The first tool available to use for redefining chip definition files (CDFs) is by Gautier et al. (64) Recognizing the need to incorporate the latest genomic knowledge into microarray data analysis, they developed an open-source tool, an R package “altcdfenvs” which was integrated into the microarray data analysis flow through Bioconductor, an R software system for computational biology and bioinformatics (65). Only sequences in RefSeq were used and the mapping was done using “matchprobes”, a method in altcdfenvs utilizing the standard C library string. The package has been used by DeCook et al. to generate alternative chip definition files (CDFs) to remove unwanted probe pairs (66). Carter et al. (18) also utilized the tool to redefine Affymetrix probe sets by sequence overlap with cDNA microarray probes for the purpose of reducing cross-platform inconsistencies in cancer-associated gene expression measurements. In Carter's study, probes targeting identical transcript sequence regions were shown to give substantially stronger concordance than probes that target identical contiguous transcript molecules at different sequence regions. The study suggests that discrepancies between different platforms are caused by improper cross-platform probe matching. Recently, a web resource, AffyProbeMiner, was developed by Liu et al. to provide pre-computed redefined CDFs as well as software for generating redefinitions (67). Additionally, a web interface is also available. In AffyProbeMiner, probes are grouped into a set if they are mapped to a consistent set of transcripts or genes based on a collection of complete CDSs (CCDSs) obtained from GenBank and RefSeq.

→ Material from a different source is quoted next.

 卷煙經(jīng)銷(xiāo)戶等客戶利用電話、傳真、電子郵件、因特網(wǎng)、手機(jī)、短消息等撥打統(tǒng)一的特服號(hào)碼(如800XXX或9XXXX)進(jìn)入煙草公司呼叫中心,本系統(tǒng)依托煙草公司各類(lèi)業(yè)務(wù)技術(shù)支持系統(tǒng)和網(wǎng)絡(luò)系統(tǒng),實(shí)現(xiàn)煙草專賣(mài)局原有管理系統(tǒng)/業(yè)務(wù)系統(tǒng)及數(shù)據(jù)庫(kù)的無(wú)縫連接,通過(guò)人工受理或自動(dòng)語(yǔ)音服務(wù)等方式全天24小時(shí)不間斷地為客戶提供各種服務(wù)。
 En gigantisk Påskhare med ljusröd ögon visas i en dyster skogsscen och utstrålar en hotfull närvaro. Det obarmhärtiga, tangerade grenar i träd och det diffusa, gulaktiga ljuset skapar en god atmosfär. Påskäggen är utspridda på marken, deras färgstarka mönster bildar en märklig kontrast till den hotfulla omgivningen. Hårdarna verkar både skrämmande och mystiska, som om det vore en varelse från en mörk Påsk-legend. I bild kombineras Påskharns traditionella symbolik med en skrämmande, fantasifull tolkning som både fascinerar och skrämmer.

Besides these tools, there are several resources distributing redefined CDFs. One is the work of Dai et al. which provides extensive resources for re-analyzing GeneChip data based on redefining CDFs (33). They reorganized probes on more than a dozen popular GeneChips into gene-, transcript- and exon-specific probe sets utilizing up-to-date genome, cDNA/EST clustering, and single nucleotide polymorphism information. The redefined CDFs were originally available for human, mouse, and rat chips. Recently, several other chips were added. Another resource is by Harbig et al. that used BLAST to match probes with documented and postulated human transcripts and redefined about 37% of the probes on the “U133 plus 2.0” array (31). They found that the original Affymetrix annotation was compromised because of the potential for cross-hybridization with splice variants or transcripts of other genes containing matching sequences. More than 5,000 probe sets were shown to hybridize with multiple transcripts. They proposed a sequence-based identification method and redefined probes to the most closely-related RefSeq sequences. Another resource distributing redefined CDFs is AffyProbeMiner (67), redefined CDFs according to Entrez genes and complete CDSs (CCDSs) are downloadable from its website.

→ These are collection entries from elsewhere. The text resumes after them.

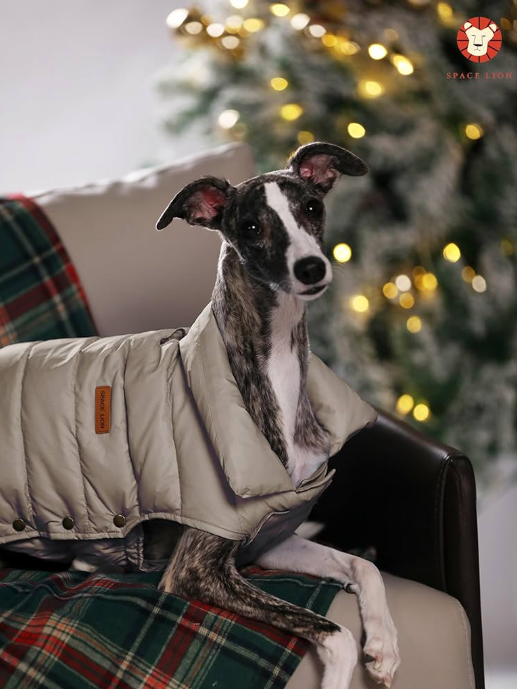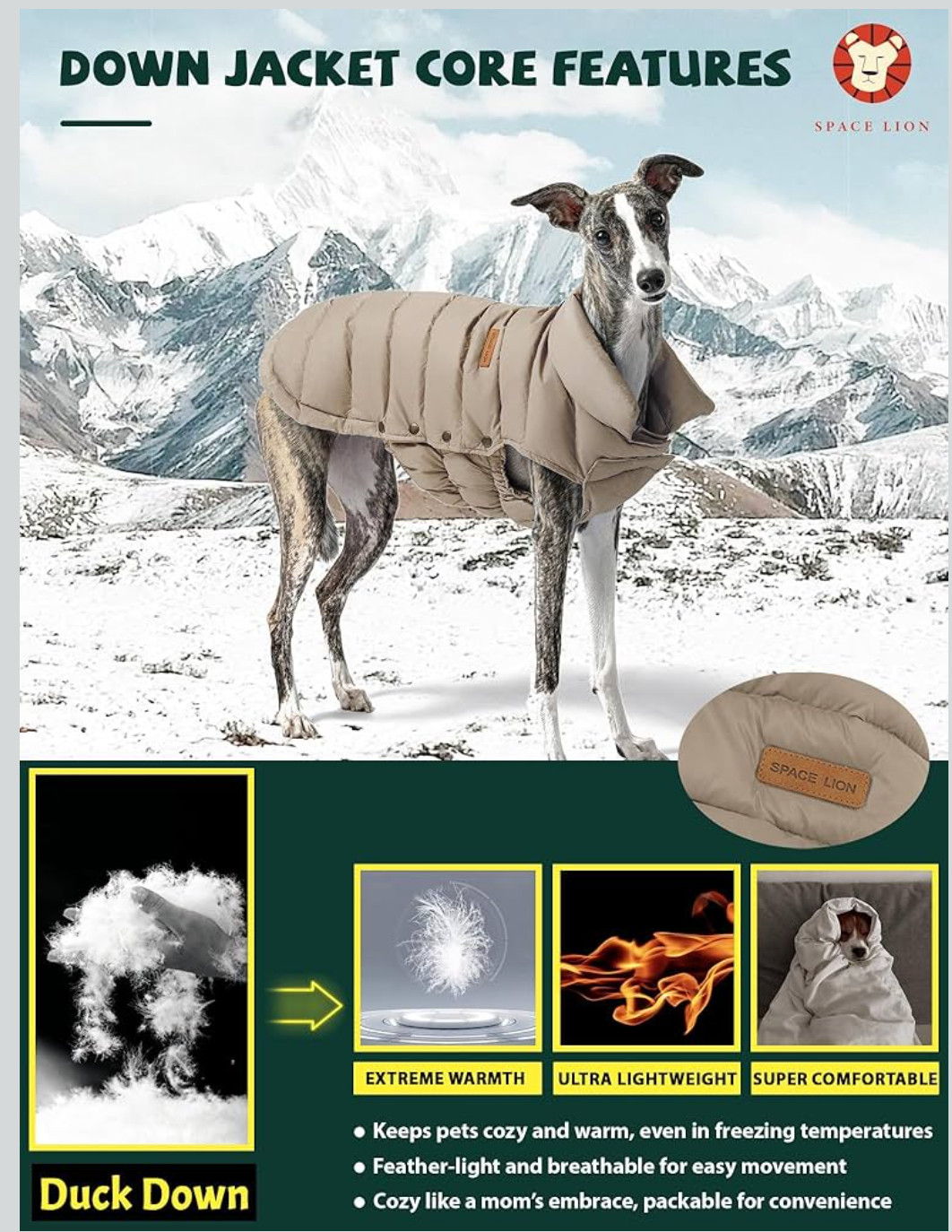 SPACE LION Puffer Jacket, Down Winter Coat, Durable Outdoor Coat for Cold and Windy Conditions, Waterproof, Windproof, Lightweight Jacket, Adjustable Fit for Small, Medium Dogs(khaki,M)
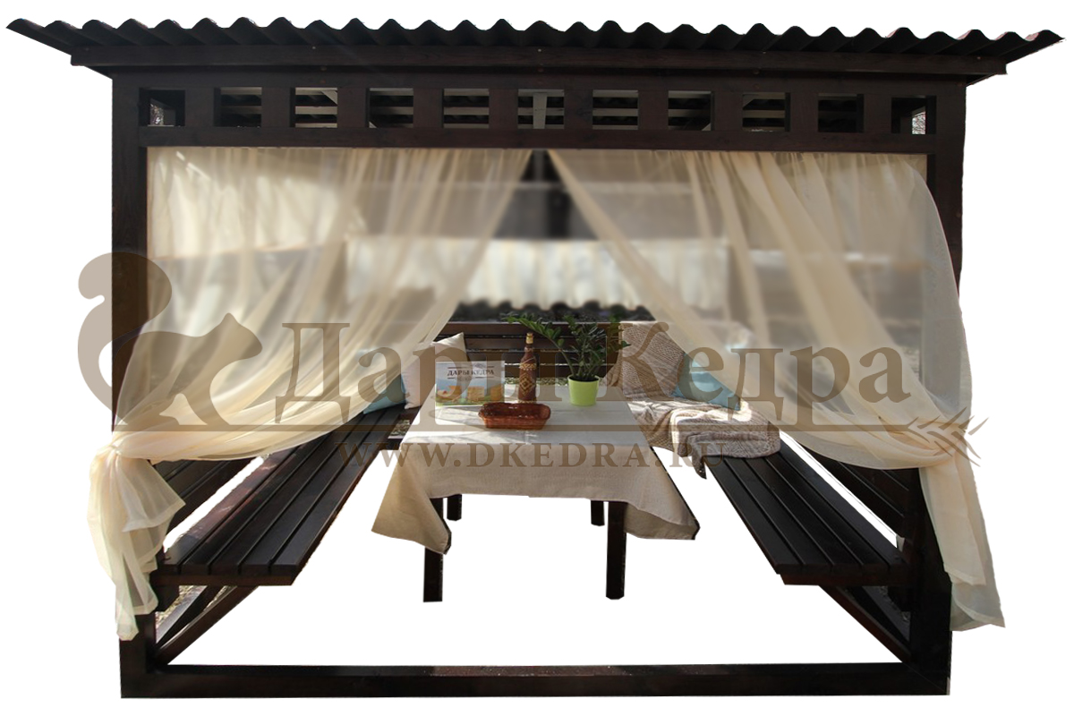 Беседка из дерева Беседка выполнена из кедра. На крыше - ондулин. Конструкция отличается простотой в установке, легкостью, долговечностью, прочностью и классическим дизайном, который впишется в любой интерьер приусадебного участка. Вокруг неё можно организовать ландшафт из вьющихся растений, которые красиво создадут зеленые 'стены' снаружи и уют внутри.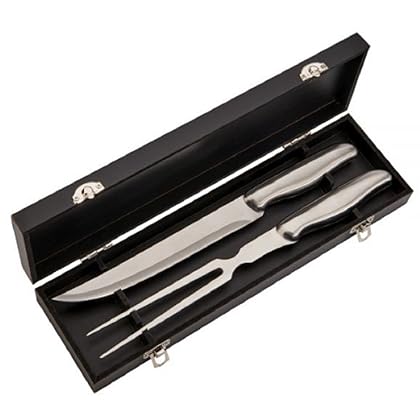 2 Piece Stainless Steel Carving Set in Black Box, 12.25" L is best for youThis stainless steel carving knife (12.25 long) and fork (12..25' long) set features smooth stainless steel easy to grip handles and includes a black box with silver color dual metal hinged and clasp closure. The box measures 13' x 3.75' x 1.75' (closed). The box lid can be personalized (not included). Great for the home and a great wedding gift or house warming gift. Gift Box.

Several other studies aimed to improve the consistency among different generations of GeneChips (17, 63). For example, utilizing the probe sequence information, Elo et al. verified probes according to NCBI mRNA sequences by searching all PM probes against the mRNA sequences using BLAT v. 26 (68). Probes mapped to the same gene according to Entrez GENE were grouped as an alternative probe set. Then they compared a method called probe-level expression change averaging (PECA) to RMA and MAS5 and found that PECA provided better agreement of differentially expressed genes between different generations of GeneChips. Kong et al. used sequence information to increase the compatibility between different generations of GeneChips by filtering probes that were not consistent with their annotations according to the human genome build (17).

4.3. Some statistics of Affymetrix probes

We downloaded all probe sequence information as well as CDFs for each gene expression Affymetrix chip. We obtained the mapping results of several human chips with the current human genome build. We then verified that probes in Affymetrix chips were designed towards 3’UTR end.

Since Affymetrix human arrays were designed using previous version of human genome build, some of the probes may fail to be matched to the current human genome build. Additionally, some of the probes may correspond to multiple locations in the genome. We mapped all sequences in four of the human arrays (U95Av2, U133A, U133B, U133Plus2) to the current human genome build (March, 2006) and then categorized the mapping results into four categories: no exact matching (i.e., 0), unique exact matching (i.e., 1), matching to two locations (i.e., 2), and matching to more than two locations (i.e., >2). Figure 2 shows the results of mapping probes in several Affymetrix human arrays to the current human genome build (March 2006 release). For all chips, the number of probes which can be mapped uniquely to the current genome build is around 80% (March, 2006). However, around 7-10% of the probes failed to be mapped to the current genome and the remaining 7-10% probes were mapped to multiple segments in the genome.

Figure 2.

Figure 2

The mapping results of four Affymetrix human chips to the human genome build (March 2006).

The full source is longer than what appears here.